Exercise description:
The records below are to be restated word for word, with every picture left out.

Excerpted data:
──────
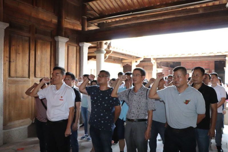 在旧址大厅,陈晏辉带领大家面向鲜红的党旗,高举右拳,重温入党誓词,誓言坚定,铿锵有力,展现了全体党员坚定的政治信念,表达了“不忘初心、牢记使命”的决心。
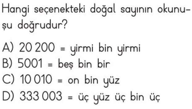 📝4. Sınıf 4, 5 ve 6 Basamaklı Doğal Sayılar Test 3
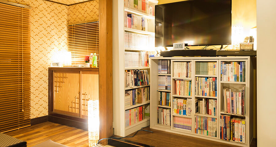 ●ラウンジ:12畳エアコン、ソファベッド4台、TV
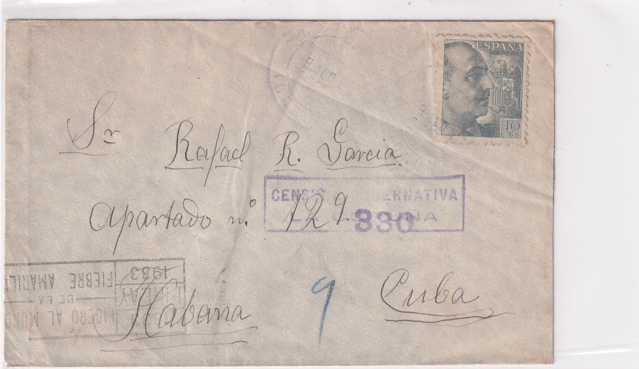 | 1933 Guernativa, Spain to Havana, Cuba Censored. Added Friday, March 20, 2026 | Price: $20.00
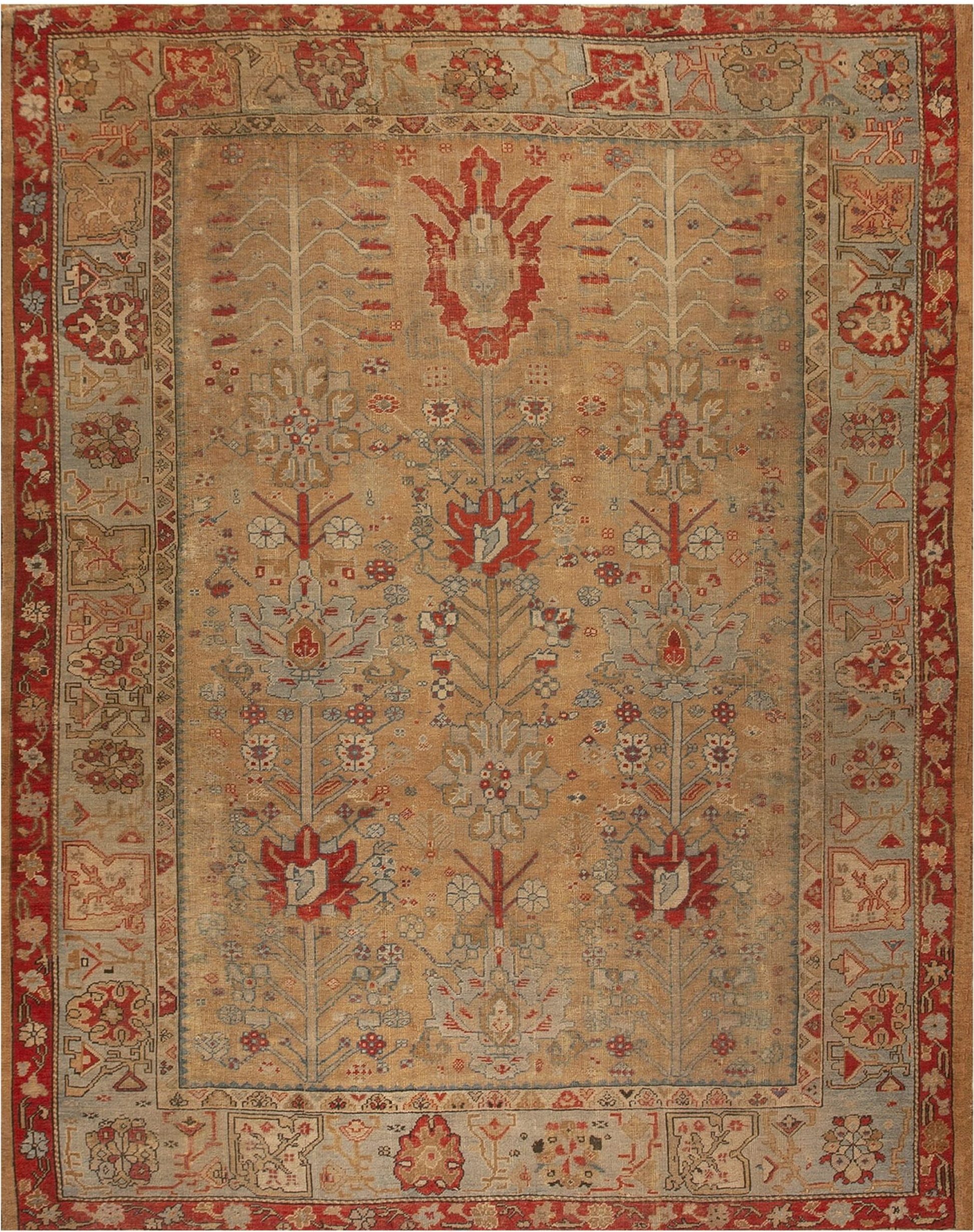 The central design is highly stylized, presenting an abstracted Tree of Life with large palmettes and delicate blossoms that reflect the classical Persian influence adapted by Oushak weavers. The generous scale of the motifs is characteristic of the period, allowing the design to breathe across the open field, framed by a robust main border featuring continuous floral vines.
──────
Output:
 在旧址大厅,陈晏辉带领大家面向鲜红的党旗,高举右拳,重温入党誓词,誓言坚定,铿锵有力,展现了全体党员坚定的政治信念,表达了“不忘初心、牢记使命”的决心。
 📝4. Sınıf 4, 5 ve 6 Basamaklı Doğal Sayılar Test 3
 ●ラウンジ:12畳エアコン、ソファベッド4台、TV
 | 1933 Guernativa, Spain to Havana, Cuba Censored. Added Friday, March 20, 2026 | Price: $20.00
 The central design is highly stylized, presenting an abstracted Tree of Life with large palmettes and delicate blossoms that reflect the classical Persian influence adapted by Oushak weavers. The generous scale of the motifs is characteristic of the period, allowing the design to breathe across the open field, framed by a robust main border featuring continuous floral vines.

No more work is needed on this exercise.